Ce qui se passe réellement
TotalEnergies passe à l’offensive. En mars, Totsa achète 77 cargaisons standardisées, soit 38,5 millions de barils de pétrole. Résultat : un milliard de dollars de bénéfice en un mois, en profitant des cargaisons arabes non affectées par le blocage. Pendant ce temps, les consommateurs voient le prix de l’essence grimper, et le groupe impose un plafonnement : 1,99 € pour l’essence et 2,25 € pour le diesel jusqu’à fin avril. Mais, surprise ! Les stations TotalEnergies sont prises d’assaut, avec 18 % d’entre elles en rupture de stock.
Les compagnies pétrolières soupçonnées de délocaliser leurs superprofits
Les ONG et économistes s’étonnent des surprofits réalisés pendant la crise. Greenpeace révèle que les compagnies pétrolières de l’UE engrangent 81,4 millions d’euros de surprofits par jour depuis le début de la guerre. Un vrai festin, pendant que les automobilistes se battent pour faire le plein.
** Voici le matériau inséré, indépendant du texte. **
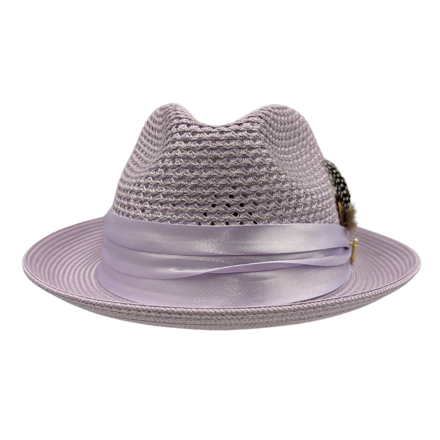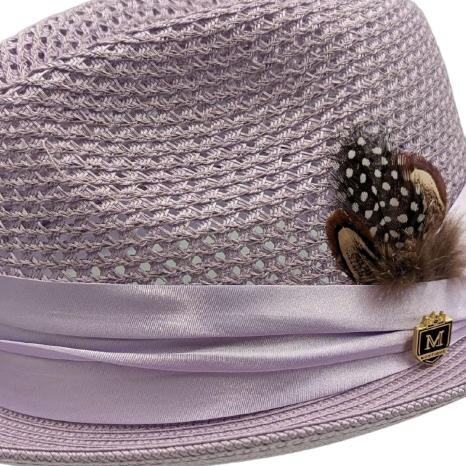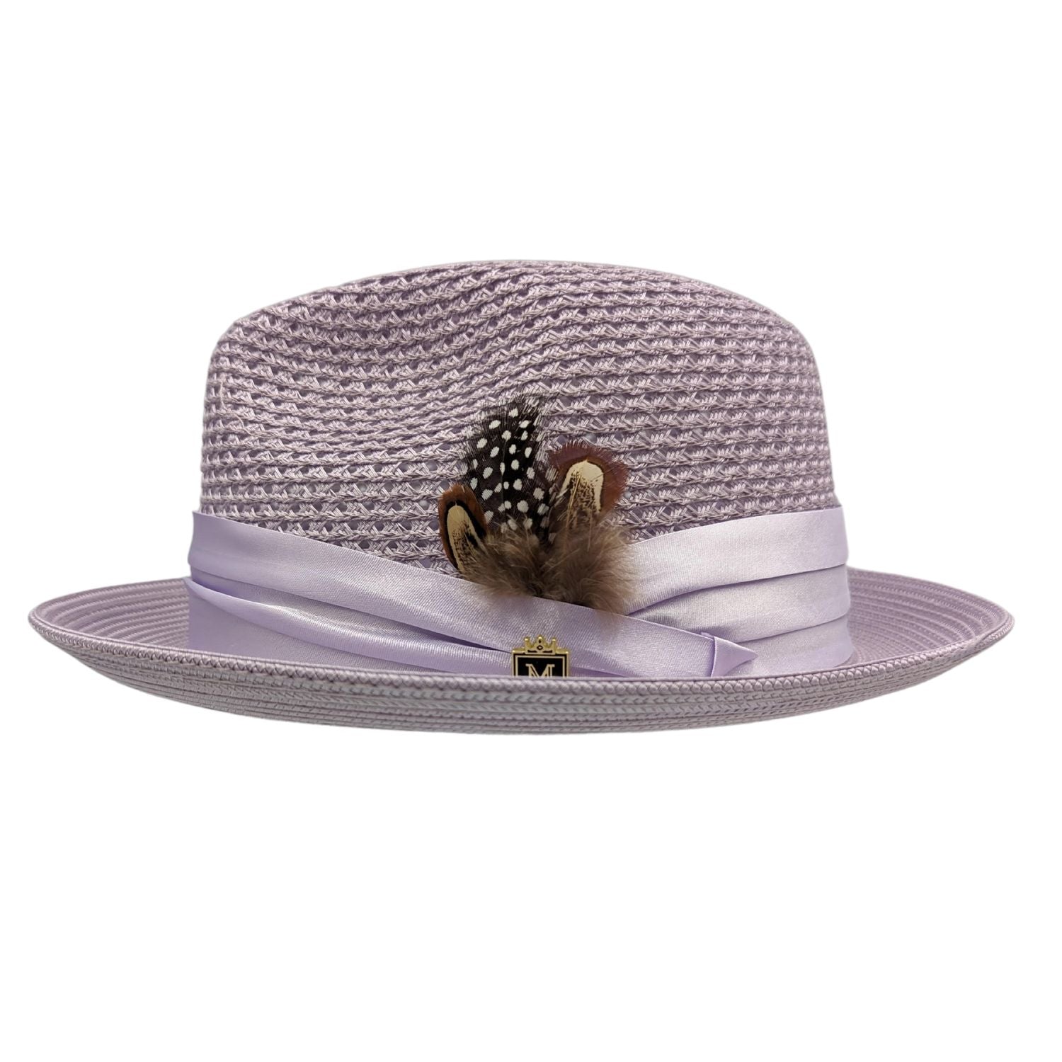 Glossaric Collection: Montique Lavender Solid Color Pinch Mesh Braided Fedora With Matching Satin Ribbon Hat

Une taxe sur les superprofits ?
Cinq ministres des Finances de l’UE demandent une taxe spéciale sur ces superprofits pour aider les consommateurs. Mais TotalEnergies, fidèle à sa discrétion, rappelle qu’il ne « commente pas ses activités de trading », comme si le trading était un art mystérieux, exempt de toute responsabilité.
Pourquoi cela dérange
Les incohérences sont flagrantes : d’un côté, un plafonnement des prix, de l’autre, des stations à sec. Les promesses de soutien aux consommateurs se heurtent à la réalité d’un marché où les profits explosent. Les discours politiques se révèlent déconnectés des réalités vécues par les citoyens.
Ce que cela implique concrètement
Les consommateurs sont pris en étau entre des prix qui flambent et des stations à sec. Pendant que les traders s’enrichissent, les automobilistes doivent faire la queue, parfois pour rien. Une situation qui rappelle les dérives autoritaires où les plus puissants profitent des crises au détriment des plus vulnérables.
Lecture satirique
Le discours politique sur la régulation des prix semble aussi solide qu’un château de cartes. Les promesses de soutien aux consommateurs s’effondrent face à la réalité d’un marché où l’appât du gain prime sur le bien-être collectif. Ironiquement, la guerre, pour certains, devient un véritable terrain de jeu.
Effet miroir international
Cette situation fait écho aux dérives autoritaires observées ailleurs. Aux États-Unis ou en Russie, les crises sont souvent utilisées pour justifier des politiques qui profitent à une élite au détriment du peuple. Une tendance inquiétante qui semble se répéter à l’échelle mondiale.
À quoi s’attendre
Si les tendances actuelles se poursuivent, on peut s’attendre à une intensification des inégalités et à une colère croissante des consommateurs. Les politiques de taxation des superprofits pourraient être un premier pas, mais il reste à voir si elles seront réellement mises en œuvre.